Some things you will fix in thirty seconds. Others will make you rethink a whole section. Occasionally, nothing will need changing and you will send the proposal with more confidence because you checked.

Five minutes. Do it once and you will never send a proposal without it again.

This is one example of what intentional AI use in a design practice looks like. For the broader argument on why the tool matters but the strategy matters more, see our piece on AI as a tool, not a new standard.

Frequently Asked Questions

How can interior designers use AI to improve their proposals?

Paste your full proposal into ChatGPT with a brief description of the project, then work through specific questions one at a time: how the document lands on a first read, where the language is ambiguous, what deliverables sound like in plain language, and what a competitive client would still need answered. AI acts as a second pair of eyes that catches what you have gone blind to after reading the same document for an hour.

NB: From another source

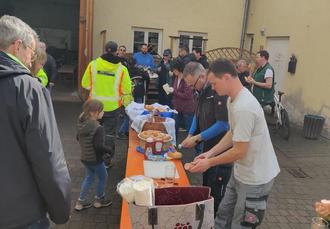 Wir haben halt etwas schneller gesammelt und pünktlich, als wir zum Abschlussimbiss auf dem Römer einliefen, kam endlich die Sonne raus, sodass das im Innenhof des DGH aufgebaute „Buffet“ mit Fleischwurst, Kuchen und Muffins gerne genutzt wurde. Dabei kam man dann endlich so ins Schwitzen, dass auch das ein oder andere Kaltgetränk über die Theke ging.
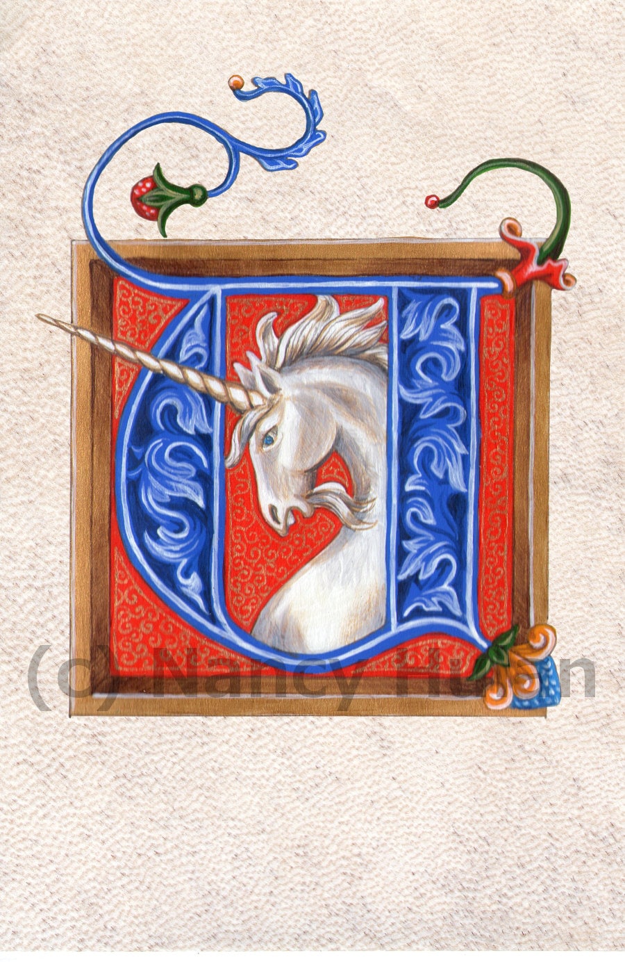 Lettre illuminée médiévale U, lettre d’alphabet U, U peinte, alphabet médiéval, lettre médiévale, impression d’art de lettre de renaissance

What should an interior design proposal include?

A clear scope of work with specific deliverables, a timeline with milestones, payment terms with unambiguous amounts and triggers, a definition of what is not included, and a professional presentation that reflects the quality of the practice. The proposal should answer every question a reasonable client would have before signing, without requiring a follow-up conversation.

How do you write a winning interior design proposal?

Write for the client, not for yourself. Describe deliverables in plain language - not process. Define payment terms without ambiguity. Remove every sentence that apologises or hedges. Then use AI to review it from the client’s perspective before you send it: ask how it reads as a first impression, what it leaves unanswered, and how it compares to what a competing studio might submit.

Can ChatGPT help review interior design client proposals?

Yes. Paste your full proposal into ChatGPT with a brief project description and instruct it to read without summarising. Then ask specific questions: how the document lands on a first read, which sentences are ambiguous, what the plain-language version of your deliverables sounds like, and what a client would still need answered before signing. The responses surface blind spots that are invisible to someone close to the document.